Same sex marriage in Iowa became legal in April. But since then, half of these marriages have been by out-of-state residents, the Associated Press reported on Sunday:

[S]tate data show about 45 percent of Iowa's same-sex marriages were between out-of-state couples.

Of the 676 same-sex couples, 312 couples weren't from Iowa. They were from neighboring states.

Data show 57 couples were from Illinois, 38 were from Nebraska, 37 were from Missouri and 36 were from Minnesota.
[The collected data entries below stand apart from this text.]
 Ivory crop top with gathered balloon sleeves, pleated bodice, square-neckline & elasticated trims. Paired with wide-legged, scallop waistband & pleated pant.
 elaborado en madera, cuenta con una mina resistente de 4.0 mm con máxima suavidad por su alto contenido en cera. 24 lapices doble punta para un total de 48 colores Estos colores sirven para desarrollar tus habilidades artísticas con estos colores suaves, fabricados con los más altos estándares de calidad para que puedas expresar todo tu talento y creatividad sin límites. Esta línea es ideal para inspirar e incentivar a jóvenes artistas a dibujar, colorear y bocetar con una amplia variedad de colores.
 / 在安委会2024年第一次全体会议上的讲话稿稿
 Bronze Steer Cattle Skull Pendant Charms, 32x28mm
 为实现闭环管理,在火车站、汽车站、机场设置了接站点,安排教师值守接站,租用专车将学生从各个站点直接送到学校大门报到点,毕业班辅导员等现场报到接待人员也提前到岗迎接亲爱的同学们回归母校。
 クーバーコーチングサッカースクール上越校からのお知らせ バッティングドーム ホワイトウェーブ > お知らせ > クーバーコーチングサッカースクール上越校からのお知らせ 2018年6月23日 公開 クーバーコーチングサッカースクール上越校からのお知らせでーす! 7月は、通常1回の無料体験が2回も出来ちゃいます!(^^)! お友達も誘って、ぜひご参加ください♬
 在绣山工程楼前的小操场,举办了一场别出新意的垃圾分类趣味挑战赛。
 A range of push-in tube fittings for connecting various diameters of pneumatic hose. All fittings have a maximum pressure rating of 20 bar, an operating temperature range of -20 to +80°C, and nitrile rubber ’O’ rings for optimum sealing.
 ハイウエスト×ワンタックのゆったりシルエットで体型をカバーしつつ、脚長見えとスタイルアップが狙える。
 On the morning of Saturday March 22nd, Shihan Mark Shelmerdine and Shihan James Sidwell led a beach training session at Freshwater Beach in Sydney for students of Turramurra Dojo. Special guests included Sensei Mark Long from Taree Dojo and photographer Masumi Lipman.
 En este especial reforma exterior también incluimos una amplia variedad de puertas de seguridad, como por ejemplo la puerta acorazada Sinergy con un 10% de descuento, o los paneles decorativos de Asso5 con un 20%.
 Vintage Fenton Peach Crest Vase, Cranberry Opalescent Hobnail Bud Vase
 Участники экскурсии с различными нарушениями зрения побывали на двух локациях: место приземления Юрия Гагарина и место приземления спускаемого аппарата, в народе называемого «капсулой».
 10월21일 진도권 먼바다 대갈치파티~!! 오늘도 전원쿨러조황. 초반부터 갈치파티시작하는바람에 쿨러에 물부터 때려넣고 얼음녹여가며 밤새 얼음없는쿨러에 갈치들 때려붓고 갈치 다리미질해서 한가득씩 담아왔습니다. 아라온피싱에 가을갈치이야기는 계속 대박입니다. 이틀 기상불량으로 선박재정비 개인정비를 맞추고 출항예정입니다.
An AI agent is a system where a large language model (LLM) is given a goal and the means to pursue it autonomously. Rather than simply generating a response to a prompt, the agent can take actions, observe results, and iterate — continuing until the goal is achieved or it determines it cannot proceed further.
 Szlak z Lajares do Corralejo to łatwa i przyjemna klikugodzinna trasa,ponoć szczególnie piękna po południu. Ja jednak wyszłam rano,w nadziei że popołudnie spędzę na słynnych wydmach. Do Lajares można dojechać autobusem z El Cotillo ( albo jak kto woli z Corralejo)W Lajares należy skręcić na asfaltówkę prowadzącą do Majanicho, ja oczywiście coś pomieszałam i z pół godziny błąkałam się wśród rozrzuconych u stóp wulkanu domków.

So gay couples from other states have been going to Iowa to get married. But when they come back home, their marriages will have no legal status whatsoever. Their certificates will be just pieces of paper to hang on the wall.

So why do they do it? 

Perhaps these couples anticipate that their home states will one day pass out-of-state recognition laws. It's certainly easier for a state government to pass these kinds of laws than granting full marriage rights. See New York and D.C., for example.

But I don't think that's the reason. Instead, I think getting married gives couples a feeling of legitimacy and comfort that has nothing to do with the legal rights effects of marriage.

Take a look at what happened in California when gay marriage was briefly legalized. Thousands of gay couples got married, even though domestic partnership laws in the state already granted them all the legal rights of marriage. They had their rights, but they got married anyway.

The same is probably true for couples now flocking to Iowa and other gay marriage states. It's just another reason why “everything but marriage” laws, while a good substitute on paper, do not actually give gay couples the same benefits.

[Cross-posted at the Gay Couples Law Blog, which discusses same sex family law and estate planning.]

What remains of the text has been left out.